AI systems are already capable of deceiving humans. Deception is the systematic inducement of false beliefs in others to accomplish some outcome other than the truth. Large language models and other AI systems have already learned, from their training, the ability to deceive via techniques such as manipulation, sycophancy, and cheating the safety test. AI’s increasing capabilities at deception pose serious risks, ranging from short-term risks, such as fraud and election tampering, to long-term risks, such as losing control of AI systems.
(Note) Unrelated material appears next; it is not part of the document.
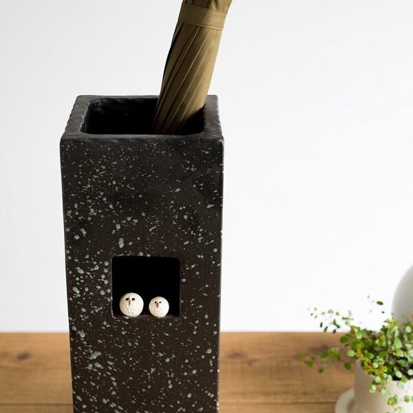 ペアふくろうスパタ正角傘立て 日本製 信楽焼 / 家具・インテリア インテリア雑貨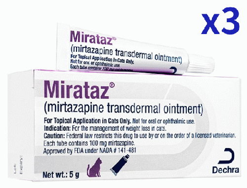 ミルタザピンは猫の体重減少のコントロール薬としてFDA(アメリカ食品医薬品局)に承認されています。

Proactive solutions are needed, such as regulatory frameworks to assess AI deception risks, laws requiring transparency about AI interactions, and further research into detecting and preventing AI deception. Proactively addressing the problem of AI deception is crucial to ensure that AI acts as a beneficial technology that augments rather than destabilizes human knowledge, discourse, and institutions.
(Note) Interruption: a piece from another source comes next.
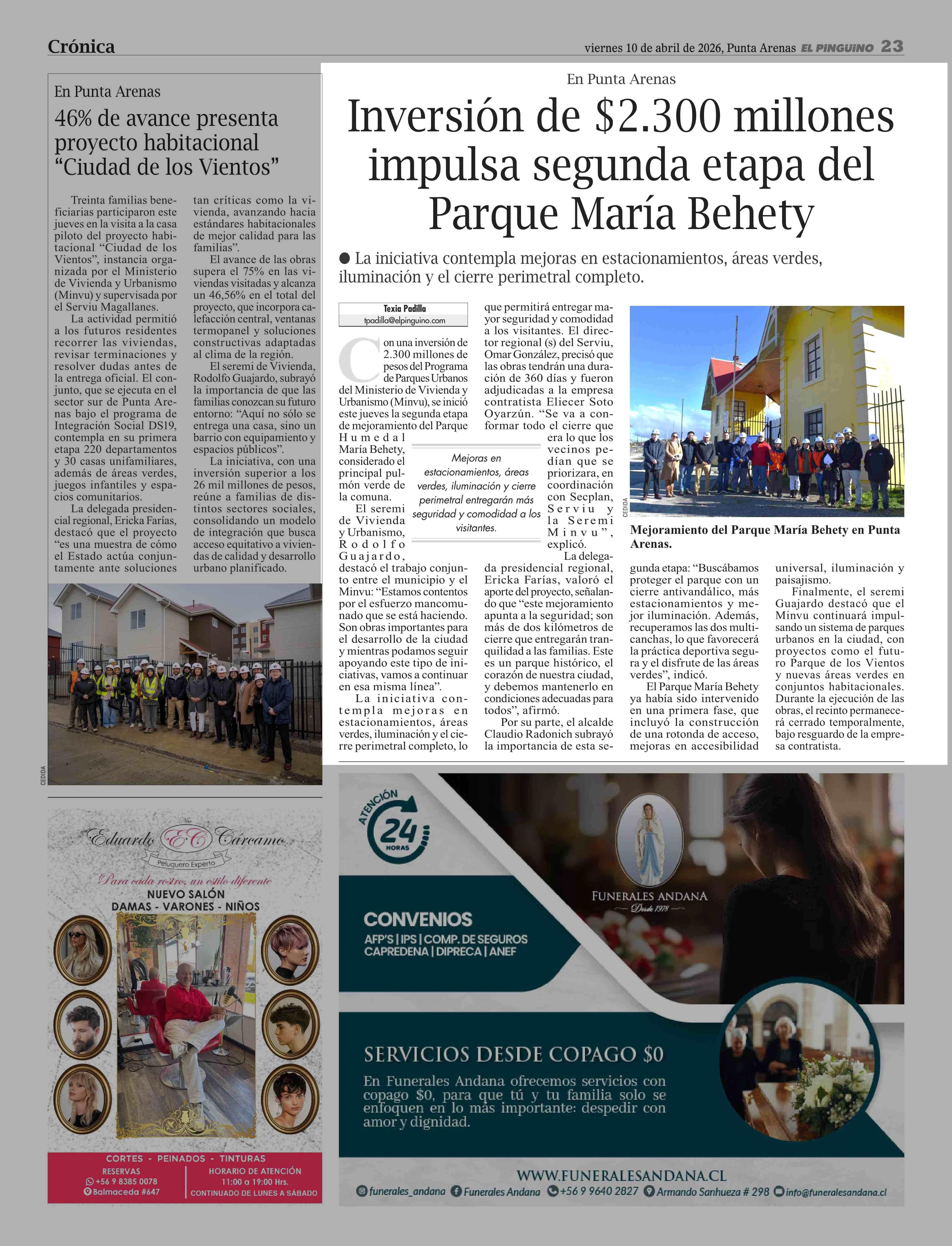 Fecha: 10-04-2026 Sector: Noticia general Región: Región de Magallanes y de la Antártica Chilena

SUMMARY This paper argues that a range of current AI systems have learned how to deceive humans .We define deception as the systematic inducement of false beliefs in the pursuit of some outcome other than the truth.  We first survey empirical examples of AI deception, discussing both special-use AI systems (including Meta’s CICERO) and general-purpose AI systems (including large language models). Next, we detail several risks from AI deception, such as fraud, election tampering, and losing control of AI. Finally, we outline several potential solutions: first, regulatory frameworks should subject AI systems that are capable of deception to robust risk-assessment requirements; second, policymakers should implement bot-or-not laws; and finally, policymakers should prioritize the funding of relevant research, including tools to detect AI deception and to make AI systems less deceptive. Policymakers, researchers, and the broader public should work proactively to prevent AI deception from destabilizing the shared foundations of our society.”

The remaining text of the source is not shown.